El té vespertino de la señora Clark había sido otra pesadilla, pensó, mientras llenaba metódicamente una caja de frascos de confitura. La agradable viuda había ido a verla personalmente para insistirle en que asistiera, tratando muy noblemente de aplacar parte de las habladurías que circulaban sobre ella. No quería ir, pero Gastón pensó que tal vez la dama pudiese ayudarla.

A pesar de su recelo, Lali había ido. Había estado de pie en el vestíbulo, jugando nerviosa con su bolsito mientras trataba de reunir el valor necesario para entrar en un gabinete repleto de señoras. Para su desgracia, él también estaba allí, acompañando a lady Paddington. La había mirado más allá de donde ella estaba, como si ni siquiera existiera. Mientras ella trataba desesperadamente de recuperar el habla, él se había despedido de su tía, luego había dado media vuelta y había salido del vestíbulo. Aún le miraba las anchas espaldas cuando lady Paddington la saludó con gran indecisión. Al menos no era el absoluto desdén que iba a encontrar en el rostro de todos los demás invitados.
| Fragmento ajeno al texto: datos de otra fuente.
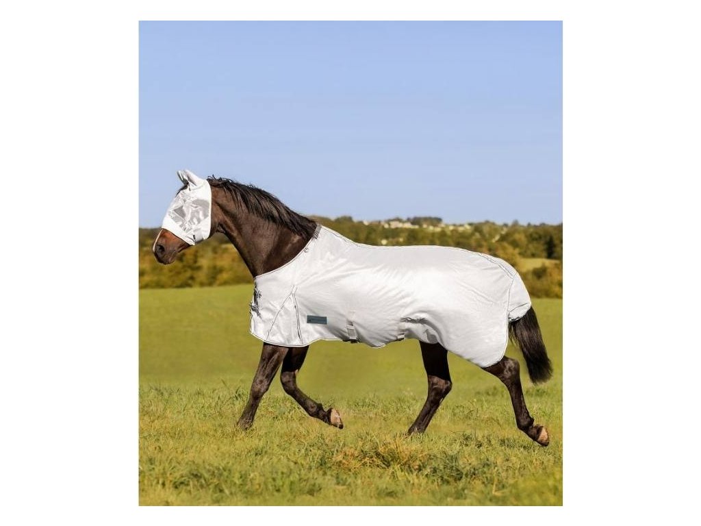Tato kvalitní deka ze síťoviny chrání koně spolehlivě před dotěrným hmyzem. Je vyrobena z lehkého polyesterového materiálu odolného proti roztržení, který zajišťuje dlouhou životnost. Plné pokrytí břicha poskytuje efektivní ochranu. Deka je dále opatřena dvojitým předním zapínáním a popruhem pod ocas. Lze k ní připevnit krční díl.

Mientras seguía llenando la caja de tarros de confitura, recordó la fiesta de Harrison Green, a la que Gastón había insistido en que lo acompañase. ¡Dios santo, qué catástrofe! Salvo por el correctísimo lord Brackenridge, que le había cogido torpemente la mano y le había sugerido, víctima de la ebriedad, que ya se la consideraba «disponible», apenas había dicho una palabra en toda la noche. Todos la evitaban como si tuviera la peste, pero ella era perfectamente consciente de los cuchicheos que tenían lugar tras las manos enguantadas. En resumen, nadie toleraba su presencia.
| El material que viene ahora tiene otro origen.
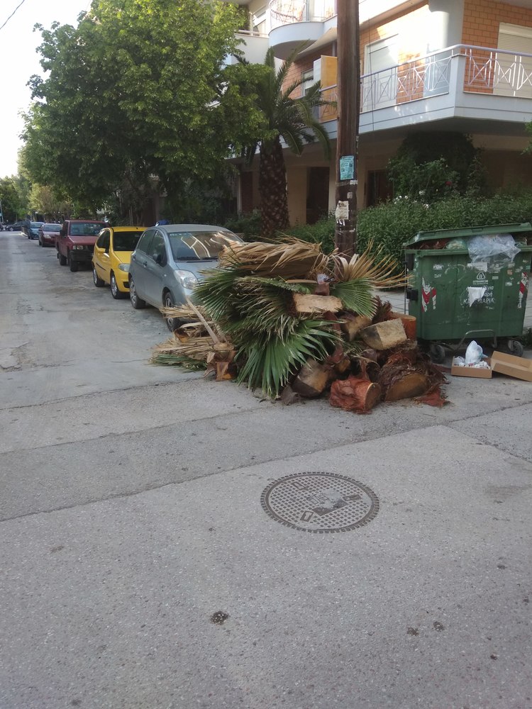 Κλαδιά δέντρων στον δρόμο δίπλα σε κάδο Καραβαγγέλη και Αν. Θράκης στο Βότση

Sobre todo Peter. Su inoportuno intento de hablar con él le había granjeado un cruel desprecio público. Por desgracia, lo había pillado por sorpresa, había llegado por la espalda y le había tocado un brazo. El había dado un brinco de casi tres metros antes de volverse bruscamente y ponerse pálido al verla. Todo el mundo en un radio de ocho metros lo vio y los cercó, esforzándose por oír lo que tenían que decirse el duque de Sutherland y la mujer que, según se rumoreaba, había causado la ruptura de su compromiso.